Artistic Piano Tuning

Here are the answers to some frequently asked questions.

                  How often a piano should be tuned?  The pitch on pianos changes because of use and temperature and humidity changes.   Here in the southeast we go from high humidity in the summer to low in the winter.  These changes cause the wood in pianos to swell and then contract, which in turn causes the tuning pins to slip.  Piano use and the forcefulness of touch will also affect tuning stability,  so regular tuning is the only way to maintain the quality of sound desired.  Pianos that are used by students for daily practice should be tuned at least every 6 months.  Pianos that are new should be tuned every 3 months during the first year and every 6 months after that.  Pianos used by professionals and serious advanced students should be tuned once a quarter. Every piano should be tuned at least once a year.  Pianos are made to function and sound best when they are up to pitch (A4 = 440 Hz).  When piaons hage not been tuned in a long time it may take several tunings to stablize the instrument and the chance of strings breaking is greatly increased.

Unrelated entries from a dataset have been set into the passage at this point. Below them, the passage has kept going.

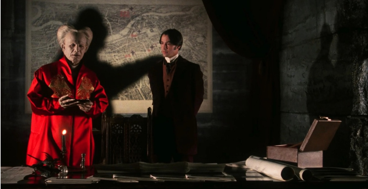
Figure A. Bram Stoker's Dracula , Columbia Pictures, 1922.

Study the still image in Figure A . It is a still image where the lighting and sharp shadows dominate the scene.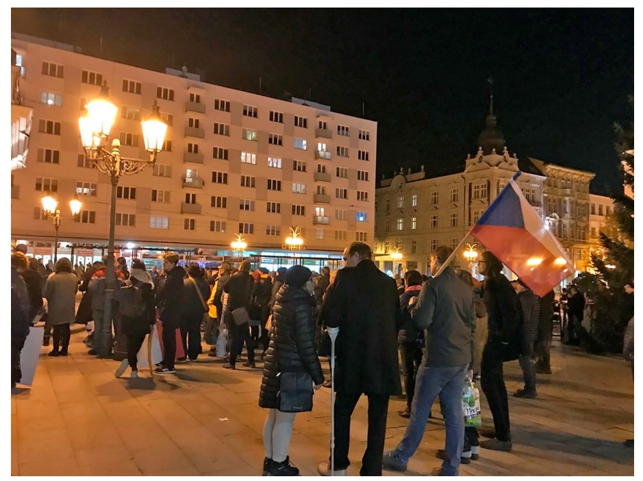
FIGURE 2. OPAVA'S UPPER SQUARE, OPAVA, 15 NOVEMBER 2019, DEMONSTRATION ORGANISED BY THE MILLION MOMENTS FOR DEMOCRACY OPAVA

Solders of World War I and World War II to pay tribute and lay flowers (see Figure 3). The majority of participants were middle-aged men in suits, many of whom I knew because of their work as local officials. Throughout the event, politicians, academics, public servants and local businessmen were shaking hands and talking casually. The ceremony evidently did not appeal to local people, who passed by without showing any interest. Two speeches were given. The first was delivered by Zbyňek Stanjura, an Opavian-born member of the Chamber of Deputies affiliated with the Civic Democratic Party (ODS), who spoke in very general terms about the heroism of the Czech people during both totalitarian regimes, namely, Nazism and communism.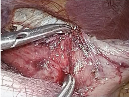
FIGURE 1: Blunt dissection for myotomy.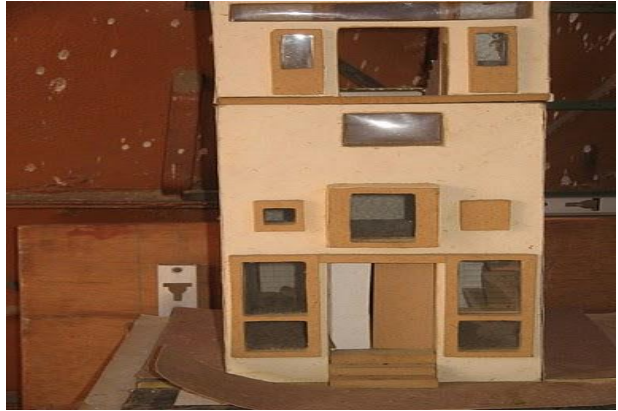
A model block layout design made in a community housing workshop.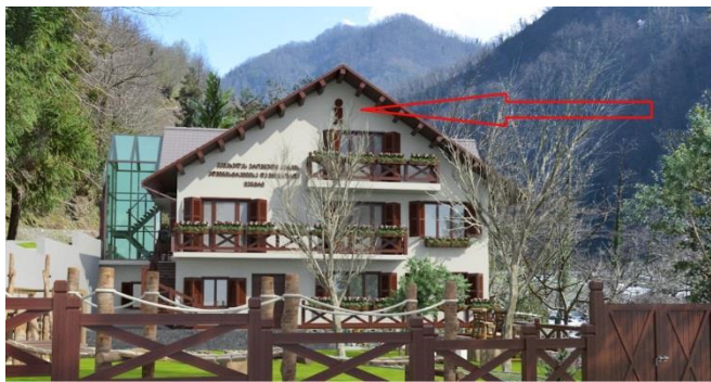
10. inscription on the facade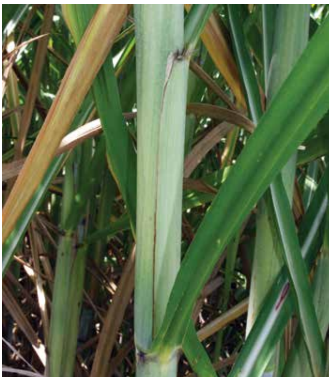
5. Leaf Sheath Margin – green with some thin purple margin edge occasionally.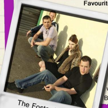
The Foster Kids: B2, 11th July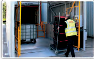
FIXED, SHALLOW LEAD-ON RAMP – SPEEDS UP LOADING AND MINIMISES MANUAL HANDLING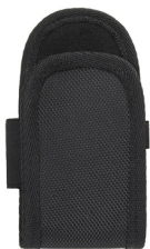
A41014-7 Universal Safety Knife Fabric Holster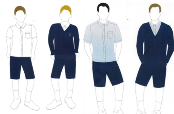
Boys All Seasons uniform

Shoes are to be black, fully enclosed leather/suede. Hoodies are unacceptable and are never to be worn under school jackets. If your child is wearing a hoodie they will be asked to remove it and this item will be confiscated and returned to them at the end of the school day.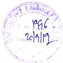
ASSISTANT COMMISSIONER (T)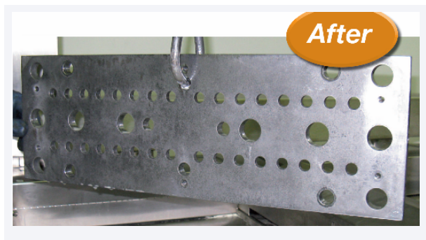
Mold plates for plastic caps after FISA cleaning

To wash their hands, people use soap and then they must rinse them to get rid of the soap. This is why FISA machines generally follow the 'three stations principle': washing, rinsing, maintenance/drying.

I use the best tools available.

 SAT III or Sanderson Accu-Tuner III

How long does tuning a piano take?  It really depends on the piano and its condition.  Pianos which are regularly tuned and in good condition usually take about 1 to 1.5 hours.  Pianos that have not been tuned in years usually require about 2 to 3 hours because of the pitch raise and extra work required. 

A pitch raise brings the piano up to correct pitch (A4=440 Hz) where it is designed to sounds best.  Each tuning pin may require 2 or 3 adjustments during the pitch raise and another 2 or 3 during fine tuning.  Since a piano has 220 tuning pins, that means well over a 1000 string adjustments.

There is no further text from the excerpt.